Geography
- Location: Kitagata, Sheema District, Western Region, Uganda
- Coordinates: 00°40′21″S 30°09′04″E﻿ / ﻿0.67250°S 30.15111°E

Organisation
- Care system: Public
- Type: General

Services
- Emergency department: I
- Beds: 100

History
- Founded: 1969

Links
- Other links: Hospitals in Uganda

= Kitagata General Hospital =

Kitagata General Hospital, also Kitagata Hospital, is a hospital in the Western Region of Uganda.

==Location==
The hospital is located in the central business district of the town of Kitagata, in Sheema District, in the Ankole sub-region, in Western Uganda, about 62 km southwest of Mbarara Regional Referral Hospital.
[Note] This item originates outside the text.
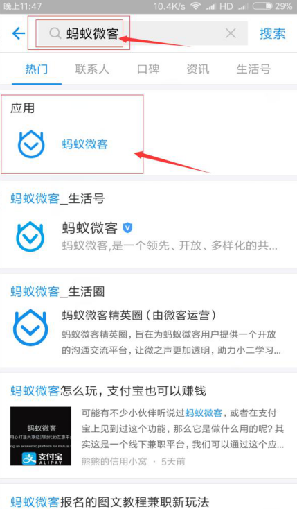 2、然后我们搜索“蚂蚁微客”,会出现多种结果,点击最顶端或者看截图。蚂蚁微客应用,点击打开进入。

This is about 111 km north of Kabale Regional Referral Hospital. The coordinates of Kitagata General Hospital are: 0°40'21.0"S, 30°09'04.0"E (Latitude:-0.672503; Longitude:30.151111).

==Overview==
Kitagata Hospital was established in 1969 by the first government of Prime Minister Milton Obote. It has a bed capacity of 100. As with many government hospitals built at the same time, the hospital infrastructure is in a dilapidated state, with antiquated equipment.

==Recent developments==
In 2013, the government of Uganda acquired funds to renovate certain hospitals, including Kitagata General Hospital, using funds borrowed from the World Bank.